An Event Apart: Content First

by August 9, 2011

In his opening keynote at An Event Apart in Minneapolis, MN 2011 Jeffrey Zeldman talked about the skills and opportunities that should be top of mind for everyone designing on the Web today. Here's my notes from his talk on Content First:

  • The way we put our Web sites together is kind of backwards. We can steer our clients and bosses to more rational ways of working.
  • Before any design work happens, a committee of stakeholders usually writes up a set of feature requests for the site. Sometimes this leads to turf battles. IT department requirements and CMS capabilities also impact what can be done.
  • After all these things are done, then a design team is typically brought in (after all these decisions have been made). Usually this is too late.
  • Web pages can't look the same in every browser. Users are in charge of how they view the Web: form the browser they use, to font settings, etc. But know they have even more control.
  • It’s not just the visual experience that you might not be able to control. Through tools like Instapaper and Readability, people are time and design shifting to experience your content the way they want.
  • Every device does not need to have the same experience. Trying to maintain the same experience in all devices is dated. It is an obsolete approach. People understand different devices provide different experiences.
  • It used to be a Web best practice to make all content one click away. "Lather your pages with the scent of information." But this takes away a lot from the content, which is what you are really there for.
  • This experience is even worse on small screen devices where there is even less space devoted to content.
  • Design that does not serve people does not serve business. When you do things that are anti-user, you are designing anti-user patterns. Example: services that spam your address book without you knowing it.
  • Content precedes design. Design without content is decoration. It used to be that you worked on look and feel before you thought about content. But it’s actually very hard to do design without content.
  • When the Blogger team asked for design templates, it was really hard to create anything appropriate devoid of content. Doug Bowman made a universal template that was minimalist and ended up on 20 million blogs. It was the best solution for the problem of designing where you don’t know the content. But it’s one of the only success solutions to this problem out there, which illustrates how hard it is to design without content.
  • A design that understands and supports content is always going to be better.
  • You need to at least understand the principles of semantic mark-up and know what is possible with HTML and CSS. You should learn about HTML5 elements and know the basics of semantics. It is a fundamental baseline skill. You have to know what the basics are and how they work.

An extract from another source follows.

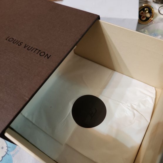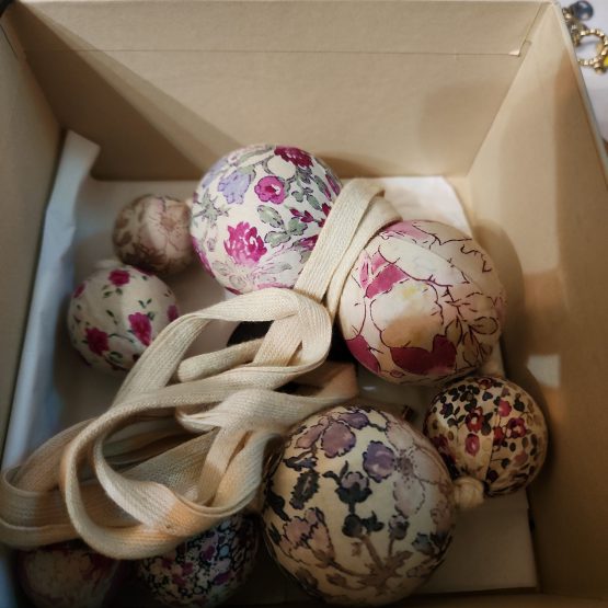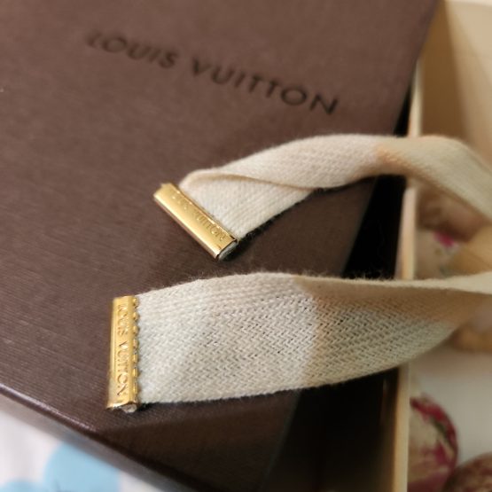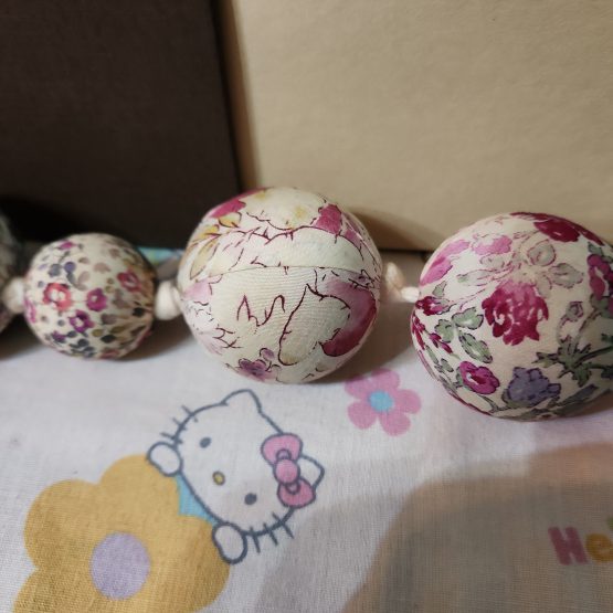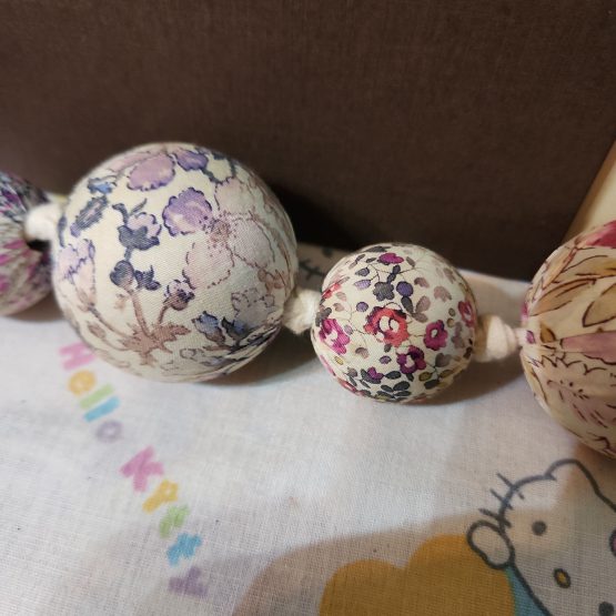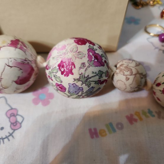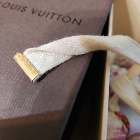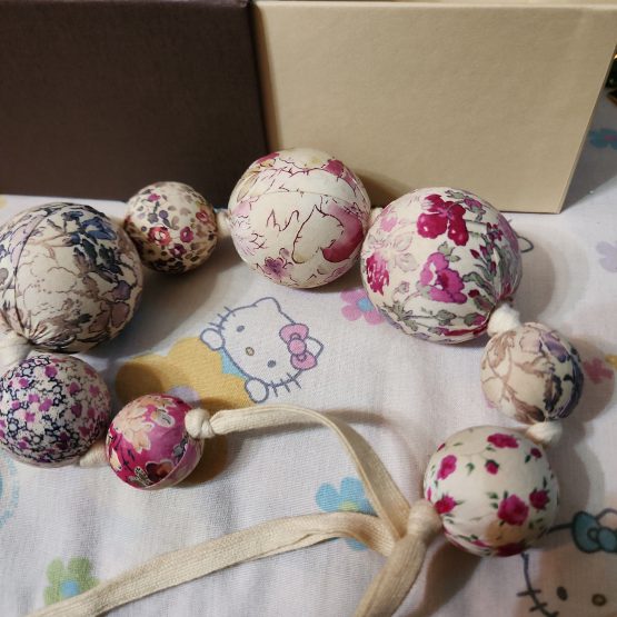 This is a rare authentic necklace from the Louis Vuitton Spring/Summer 2007 runway show. Measuring 58″ long, there are 8 wooden beads covered in Liberty of London fabric. These fabrics were used in the linings of the Denim Patchwork bags in that collection. The largest bead measures 2″ in diameter and the smallest a little less than 1″ in diameter. They are strung on a cotton cord and knotted between. The endcaps are gold tone and are stamped Louis Vuitton. This necklace is in excellent condition, it is 100% authentic, comes with original box and wrap. These fashion balls with rose motive fabric. Beautiful edition, not worn, and well taken care of, it is one of a kind collector’s piece.

  • Progressive enhancement is a universal smart default. Most of agree that it’s a best practice to create an experience that can reach everyone.

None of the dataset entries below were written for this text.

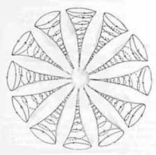 Cosmic power points upon the Earth (vortices; eg. corn fields-crop circles) have been referred to as dome centers, or ethereal energy canopies, which occupy and create sacred sites, from which extend numerous short-distant spiraling and straight dome lines, which radiate light. According to Richard Leviton, the domes are trans-dimensional magnetic/energy (existing between spirit and matter) facilitators overlaid on the physical landscape to fulfill a past proposal in the present for future events on Earth (ie.create Paradise on Earth). Each dome center carried a light form, or seed crystal. Macrocosmic star grids distribute information to the microcosmic Earth grid. Each dome has the capacity to initiate up to 48 affiliate vortices (smaller domes) on the heliocentric dome lines (spiraling out according to the Golden Proportion), which terminate into a dome cap (est.83,808 on Earth: 1746x48).
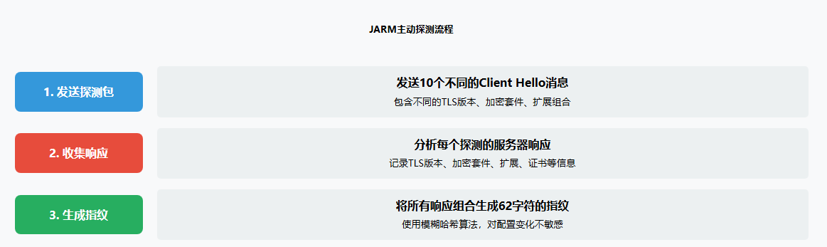 JARM示例: 2ad2ad0002ad2ad00042d42d00000ad9b05a6a0b5a6a0b5a6a0b5a6a0b5a6a0b (62字符模糊哈希)
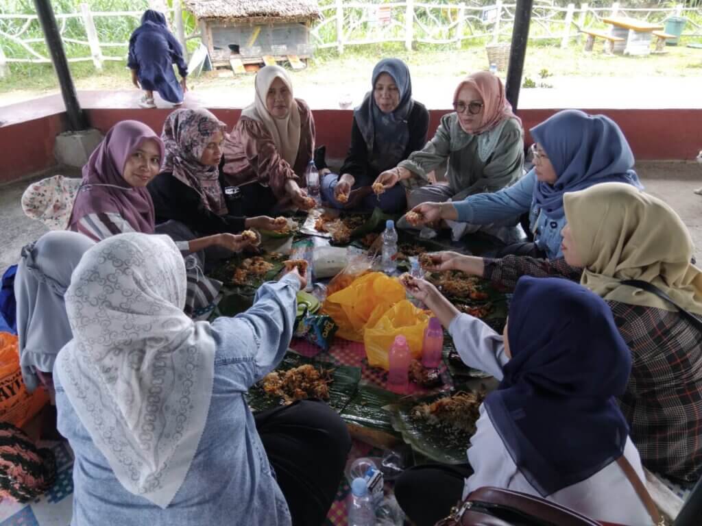 Selain menikmati keindahan alam Panorama Baru, para kader juga memanfaatkan momen kebersamaan dengan menyantap hidangan yang telah disiapkan bersama.

  • Many times when we say mobile we are often talking about small screen. Small screen design adapts by adjusting layout and media to fit on smaller viewports. If you are primarily a content site, you might need a small screen strategy not a full mobile strategy.
  • Great mobile thinking takes into account the special things you can do on a mobile device.

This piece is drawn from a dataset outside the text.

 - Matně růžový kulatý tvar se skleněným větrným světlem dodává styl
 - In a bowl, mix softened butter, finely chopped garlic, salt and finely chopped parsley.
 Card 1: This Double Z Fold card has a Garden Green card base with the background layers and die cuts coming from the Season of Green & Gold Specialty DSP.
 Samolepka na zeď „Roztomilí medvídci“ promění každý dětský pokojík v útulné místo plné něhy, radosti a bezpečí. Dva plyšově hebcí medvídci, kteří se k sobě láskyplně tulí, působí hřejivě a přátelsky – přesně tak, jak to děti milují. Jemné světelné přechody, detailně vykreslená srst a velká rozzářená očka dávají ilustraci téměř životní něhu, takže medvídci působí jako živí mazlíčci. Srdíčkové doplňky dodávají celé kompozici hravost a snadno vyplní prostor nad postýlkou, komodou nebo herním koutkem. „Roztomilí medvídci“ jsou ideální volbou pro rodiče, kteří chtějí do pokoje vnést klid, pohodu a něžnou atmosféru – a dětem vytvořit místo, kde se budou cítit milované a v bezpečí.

  • Responsive design is progressive enhancement taken to the next level for the Web we have now (many devices, many different ways to interact with content). Layouts that adapt themselves to devices can be implemented in many ways. Fluid grids, flexible media, and media queries are just one way to implement the idea.
  • HTML5 has design principles that also apply to Web design. Pave the cowpaths = make things work based on how people expect it to work. Find a way to make things work even if people try to “wrong” thing. Fail predictably. For example, HTML5 has an audio and video tag in response to the wide use of embedded videos on the Web.
  • HTML5 is made for apps. It's the first HTML designed for a World beyond pages it prompts us to think beyond the "document" model. Every Web site is now an application.
  • You can start using HTML5, CSS3, and Web fonts now. There are strategies for having the right fallback experience.
  • Mobile will usher in Web standards and usability in places they never succeeded before.
  • Everyone should start with an experience and content strategy not a turf battle over features.